Security note: allowlisting a hostname does not bypass private/internal IP blocking. For internet-exposed gateways, apply network egress controls in addition to app-level guards. See [Security](/gateway/security).
## Chat tool contract
`/v1/chat/completions` supports a function-tool subset compatible with common OpenAI Chat clients.
### Supported request fields
| Field | Notes |
| -------------------------- | --------------------------------------------------------------------------------------------------------------------------------------------- |
| `tools` | Array of `{ "type": "function", "function": { ... } }` |
| `tool_choice` | `"auto"`, `"none"`, `"required"`, or `{ "type": "function", "function": { "name": "..." } }` |
| `messages[*].role: "tool"` | Follow-up turns |
| `messages[*].tool_call_id` | Binds a tool result back to a prior tool call |
| `max_completion_tokens` | Number; per-call cap on total completion tokens (reasoning tokens included). Current field name; used when both it and `max_tokens` are sent. |
| `max_tokens` | Number; legacy alias, ignored when `max_completion_tokens` is also present. |
| `temperature` | Number 0-2; best-effort, forwarded to the upstream provider. `400 invalid_request_error` if out of range. |
| `top_p` | Number 0-1; best-effort. `400 invalid_request_error` if out of range. |
| `frequency_penalty` | Number -2.0 to 2.0; best-effort. `400 invalid_request_error` if out of range. |
| `presence_penalty` | Number -2.0 to 2.0; best-effort. `400 invalid_request_error` if out of range. |
| `seed` | Integer; best-effort. `400 invalid_request_error` for non-integer values. |
| `stop` | String or array of up to 4 strings; best-effort. `400 invalid_request_error` for more than 4 sequences or non-string/empty entries. |
All sampling and token-cap fields ride the same agent stream-param channel and are forwarded best-effort:
- Token cap: the wire field name is chosen by the provider transport: `max_completion_tokens` for OpenAI-family endpoints, `max_tokens` for providers that only accept the legacy name (Mistral, Chutes).

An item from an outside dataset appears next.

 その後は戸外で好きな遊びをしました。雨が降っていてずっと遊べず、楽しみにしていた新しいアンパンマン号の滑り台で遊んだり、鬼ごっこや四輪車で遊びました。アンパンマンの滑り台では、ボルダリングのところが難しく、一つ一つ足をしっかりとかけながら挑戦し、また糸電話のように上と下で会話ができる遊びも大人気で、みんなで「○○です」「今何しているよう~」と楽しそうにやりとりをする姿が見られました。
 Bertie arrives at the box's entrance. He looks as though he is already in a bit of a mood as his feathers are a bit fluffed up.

- `stop` maps to the transport's stop field: `stop` for Chat Completions backends, `stop_sequences` for Anthropic. The OpenAI Responses API has no stop parameter, so `stop` is not applied on Responses-backed models.
- The ChatGPT-based Codex Responses backend uses fixed server-side sampling and strips `temperature`/`top_p` (along with `max_output_tokens`, `metadata`, `prompt_cache_retention`, `service_tier`) before the request reaches that backend.
### Unsupported variants
Returns `400 invalid_request_error` for:
- non-array `tools`, non-function tool entries, or missing `tool.function.name`
- `tool_choice` variants such as `allowed_tools` and `custom`
- `tool_choice.function.name` values that do not match a provided tool
For `tool_choice: "required"` and function-pinned `tool_choice`, the endpoint narrows the exposed client function-tool set, instructs the runtime to call a client tool before responding, and errors if the agent response has no matching structured client-tool call. This applies to the caller-supplied HTTP `tools` list, not every internal OpenClaw agent tool.

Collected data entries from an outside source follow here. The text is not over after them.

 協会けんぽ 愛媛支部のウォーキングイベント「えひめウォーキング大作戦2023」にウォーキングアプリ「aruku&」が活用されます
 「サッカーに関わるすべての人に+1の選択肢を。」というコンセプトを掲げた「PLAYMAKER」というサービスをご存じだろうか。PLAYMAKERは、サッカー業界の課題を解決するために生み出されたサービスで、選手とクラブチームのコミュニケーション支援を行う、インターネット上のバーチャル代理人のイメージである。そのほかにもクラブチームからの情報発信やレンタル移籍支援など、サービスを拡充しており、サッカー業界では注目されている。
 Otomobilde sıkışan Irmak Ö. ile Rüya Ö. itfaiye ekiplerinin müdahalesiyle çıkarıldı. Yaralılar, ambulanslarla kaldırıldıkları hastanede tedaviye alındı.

### Non-streaming tool response shape
When the agent calls tools, the response uses:
- `choices[0].finish_reason = "tool_calls"`
- `choices[0].message.tool_calls[]` entries with `id`, `type: "function"`, `function.name`, `function.arguments` (JSON string)

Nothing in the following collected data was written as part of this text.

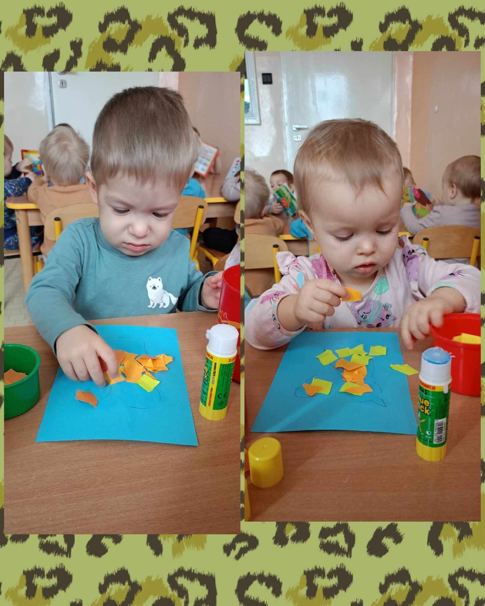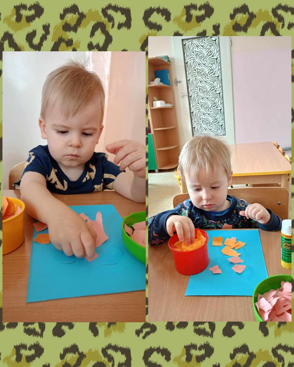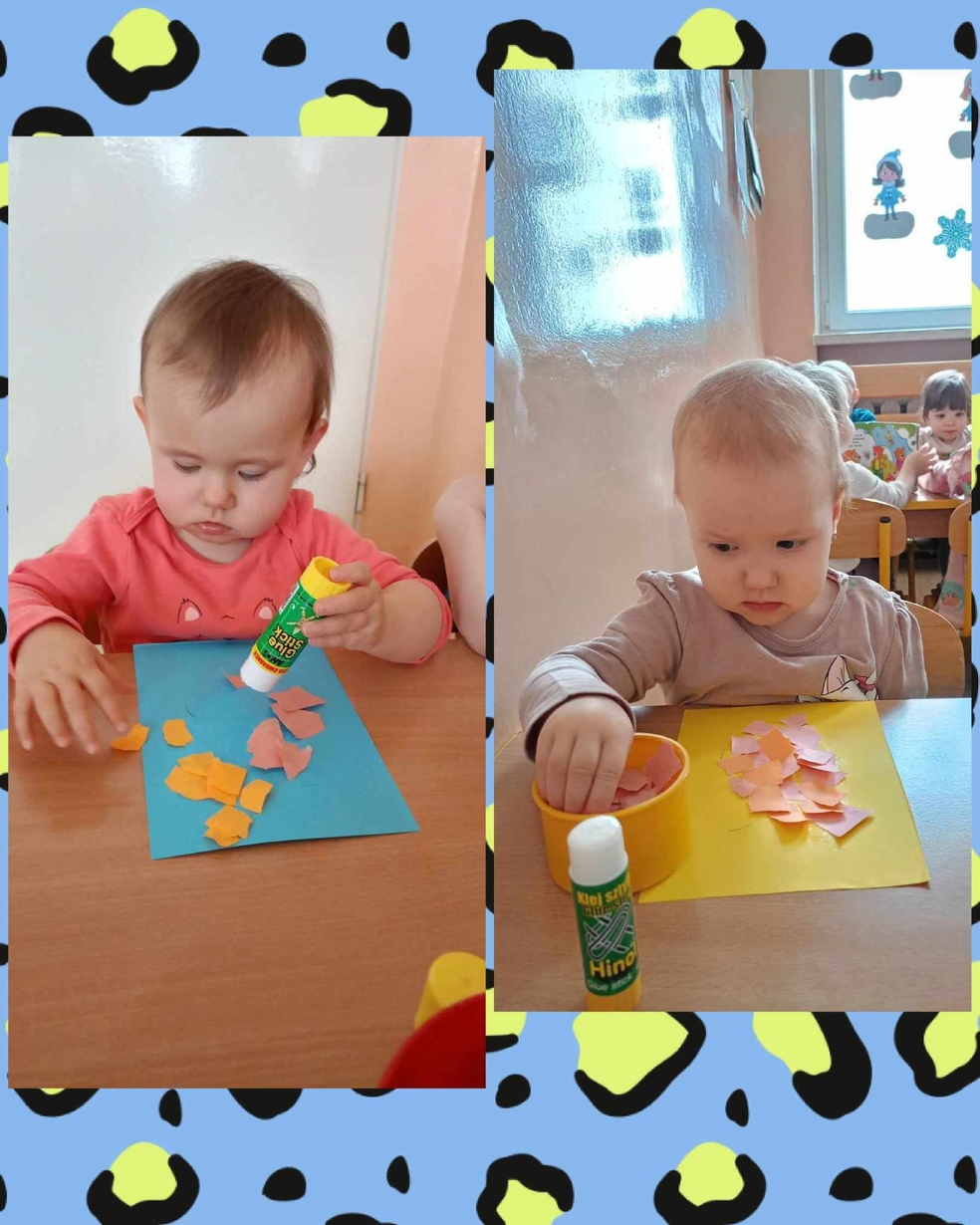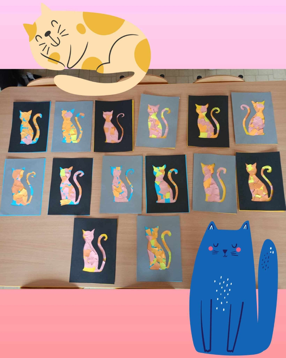 Na koniec Pszczółki zrobiły z pomocą Cioć prace plastyczne przedstawiające marmurkowego kotka z wydzieranki.
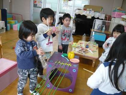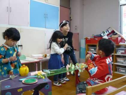 前の日に「焼き鳥屋さんがしたいな。」と子どもからリクエストがあったので,焼き鳥を焼く台を部屋に用意しておくと,それぞれが割り箸や紙で焼き鳥をつくって焼き始めました。「いらっしゃい!いらっしゃ〜い!」,「1つください!」「いっぱいください!」と子どもたちの楽しそうな声も聞こえてきました。焼き鳥屋の前にはカレージュース屋さんもできて,それぞれ子どもたちがごちそうをつくったり,呼込みをしたりしていました。すみれ組のお兄さんたちも一緒に遊びに来てくれて,とても嬉しそうな子どもたちでした。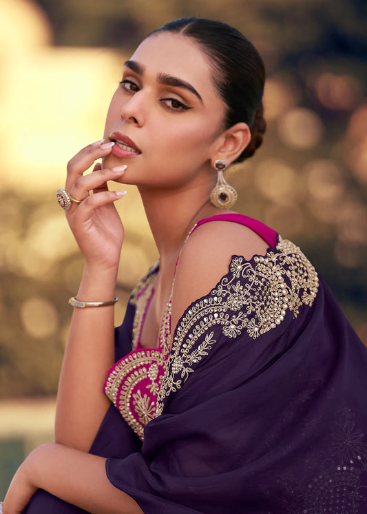 Elegant Pink and Purple Chinon Cape Style Palazzo Suit with EmbroideryRegular price From $216.00 CADRegular priceUnit price / per$923.00 CADSale price From $216.00 CADSale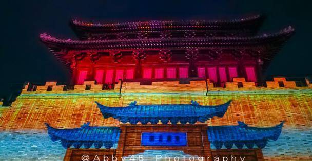 天气好的时候还有空中无人机表演,虽然因为下雨我们没碰上,但还是有幸在宋夹城南门城楼古城墙上看到了超震撼的裸眼4D灯光秀。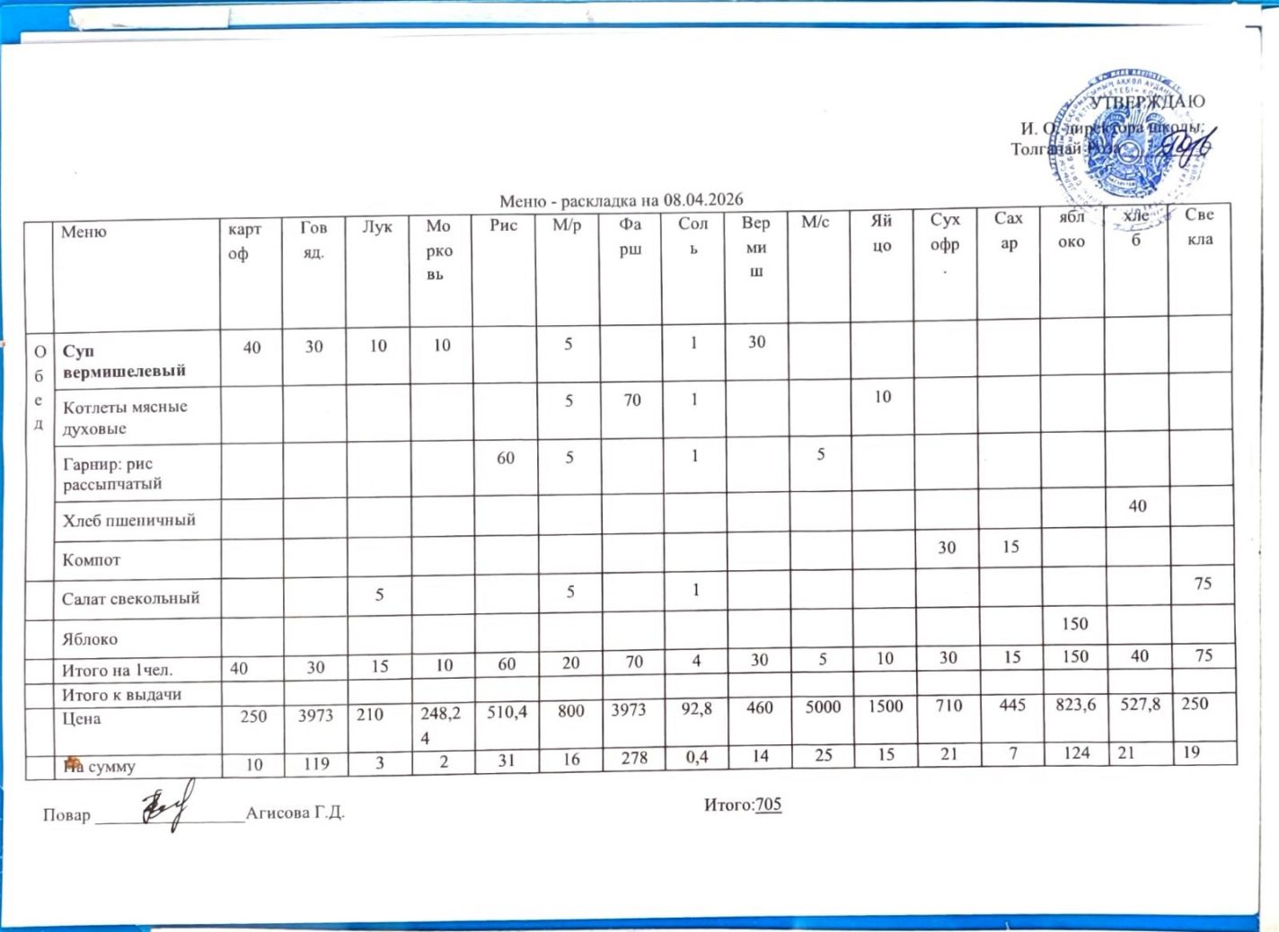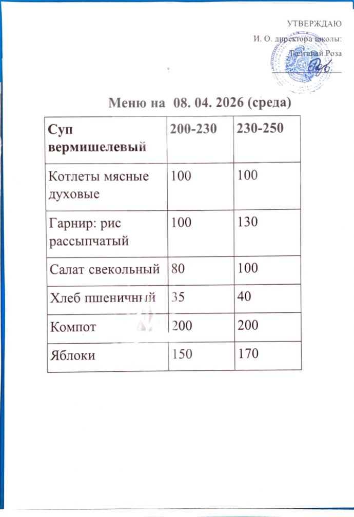 Күнтізбелік мәзір 08.04

- Assistant commentary before the tool call, in `choices[0].message.content` (possibly empty)
### Streaming tool response shape
When `stream: true`, tool calls arrive as incremental SSE chunks: an initial assistant role delta, optional assistant commentary deltas, one or more `delta.tool_calls` chunks carrying tool identity and argument fragments, then a final chunk with `finish_reason: "tool_calls"` and `data: [DONE]`.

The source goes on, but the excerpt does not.